**REQUIREMENT:** Down to the final line, print the records below exactly and without pictures.

**DATASET:**

------------------------------------------------------------------------

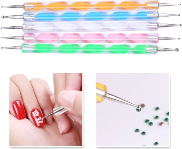 Vă prezentăm setul de 5 sonde duble pentru decorarea unghiilor, un ajutor ideal pentru decorarea unghiilor atât în salon, cât și acasă. Fiecare sondă are vârfuri metalice de dimensiuni diferite, ceea ce facilitează aplicarea ornamentelelor precum paiete și pietricele.
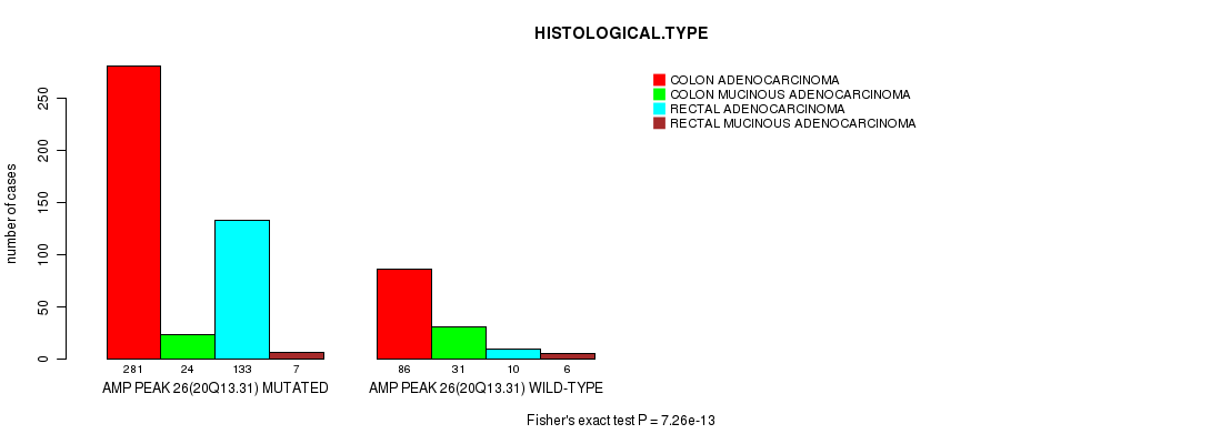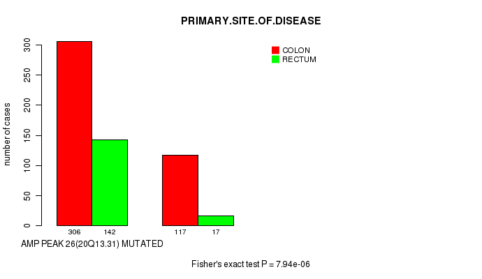amp_20q13.31 cnv correlated to 'PRIMARY.SITE.OF.DISEASE' and 'HISTOLOGICAL.TYPE'.
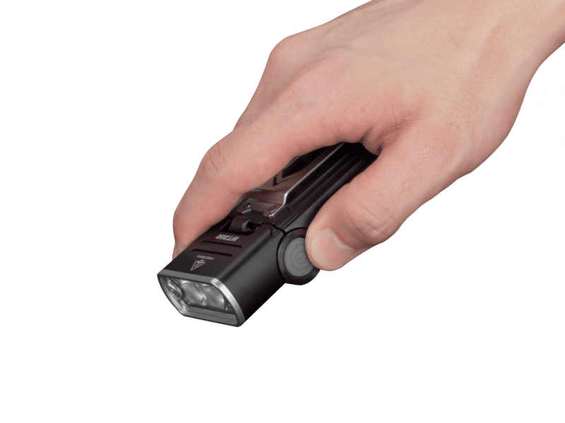 Основной особенностью ручного фонаря Fenix WT20R является состоящий из 2 зон корпус. Голова этой модели может поворачиваться по вертикали на 105_относительно ее хвостовой части. Это дает возможность точно настроить направление луча. Даже если фонарь будет при помощи клипсы закреплен в нагрудном кармане, он все равно продолжит светить в нужную сторону. Эту модель производители предлагают использовать во время работы на различных производствах. Впрочем, хорошие рабочие параметры фонаря вполне подходят и для туристической сферы.
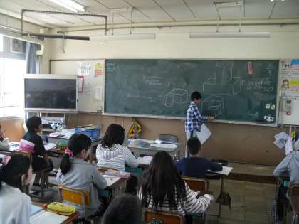 5年生の算数では体積の学習が佳境を迎えています。今日は複合図形の体積の求め方を考えて,説明する学習をしました。5年生の学習になって,言葉で説明する学習が多くなってきます。しかしまだ5年になって間もないですが,わかりやすい説明をすることができていました。
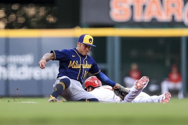 Milwaukee Brewers' Kolten Wong, left, tags out Cincinnati Reds' Tyler Naquin as he attempts to steal second base during the fourth inning of a baseball game in Cincinnati, Monday, May 9, 2022. (AP Photo/Aaron Doster)
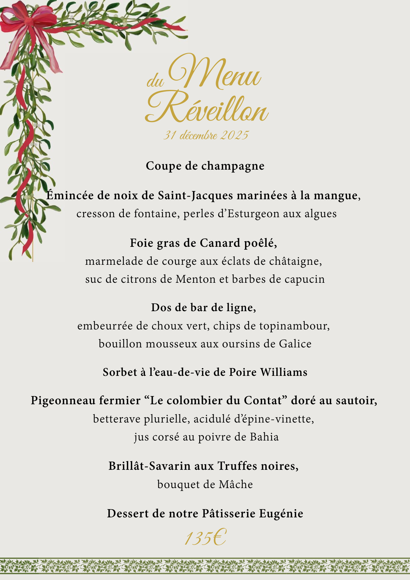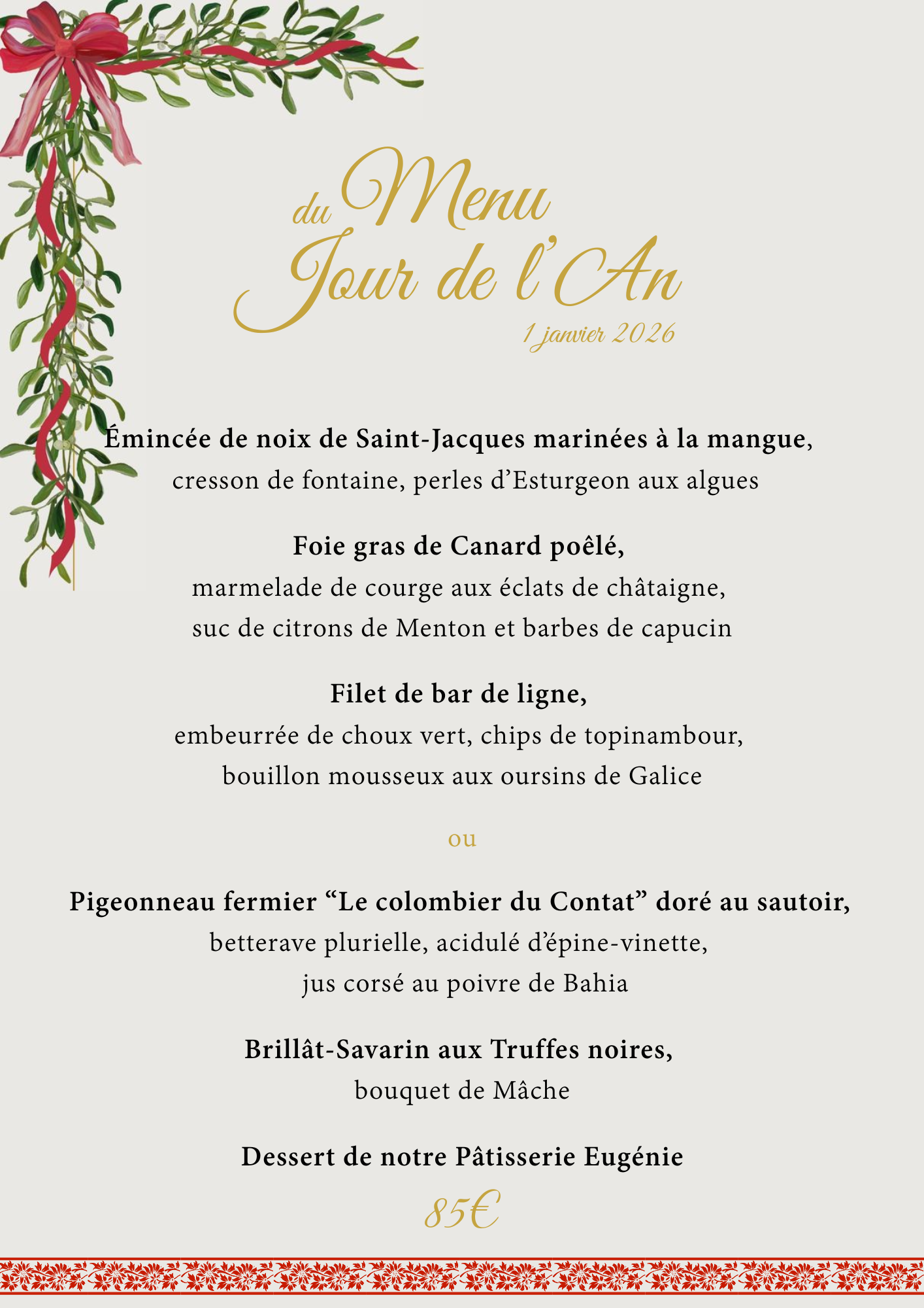 Nous avons le plaisir de vous proposer les Menus pour les fêtes, soigneusement élaboré pour célébrer la nouvelle année.
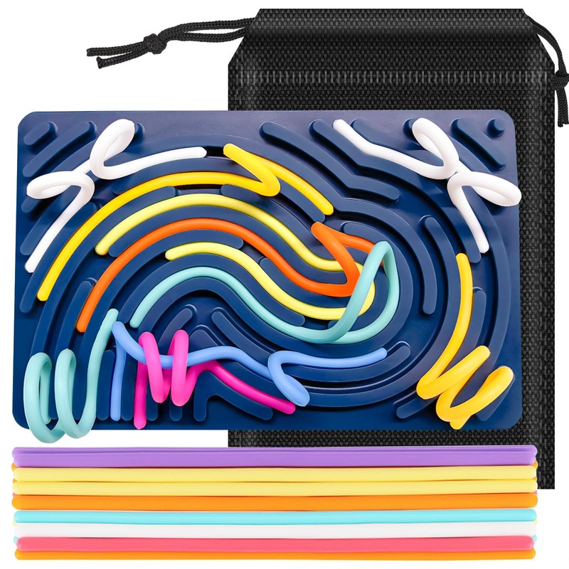 Sensory Activity Board, Silicone Sensory Fidget Toy for Kids, ADHD & Autism, Calming for Anxiety, Silent, No Mess, Sensory Toys for Kids 3+ & Adults with 20 Strings

------------------------------------------------------------------------

**OUTPUT OF THE TASK:**
 Vă prezentăm setul de 5 sonde duble pentru decorarea unghiilor, un ajutor ideal pentru decorarea unghiilor atât în salon, cât și acasă. Fiecare sondă are vârfuri metalice de dimensiuni diferite, ceea ce facilitează aplicarea ornamentelelor precum paiete și pietricele.
amp_20q13.31 cnv correlated to 'PRIMARY.SITE.OF.DISEASE' and 'HISTOLOGICAL.TYPE'.
 Основной особенностью ручного фонаря Fenix WT20R является состоящий из 2 зон корпус. Голова этой модели может поворачиваться по вертикали на 105_относительно ее хвостовой части. Это дает возможность точно настроить направление луча. Даже если фонарь будет при помощи клипсы закреплен в нагрудном кармане, он все равно продолжит светить в нужную сторону. Эту модель производители предлагают использовать во время работы на различных производствах. Впрочем, хорошие рабочие параметры фонаря вполне подходят и для туристической сферы.
 5年生の算数では体積の学習が佳境を迎えています。今日は複合図形の体積の求め方を考えて,説明する学習をしました。5年生の学習になって,言葉で説明する学習が多くなってきます。しかしまだ5年になって間もないですが,わかりやすい説明をすることができていました。
 Milwaukee Brewers' Kolten Wong, left, tags out Cincinnati Reds' Tyler Naquin as he attempts to steal second base during the fourth inning of a baseball game in Cincinnati, Monday, May 9, 2022. (AP Photo/Aaron Doster)
 Nous avons le plaisir de vous proposer les Menus pour les fêtes, soigneusement élaboré pour célébrer la nouvelle année.
 Sensory Activity Board, Silicone Sensory Fidget Toy for Kids, ADHD & Autism, Calming for Anxiety, Silent, No Mess, Sensory Toys for Kids 3+ & Adults with 20 Strings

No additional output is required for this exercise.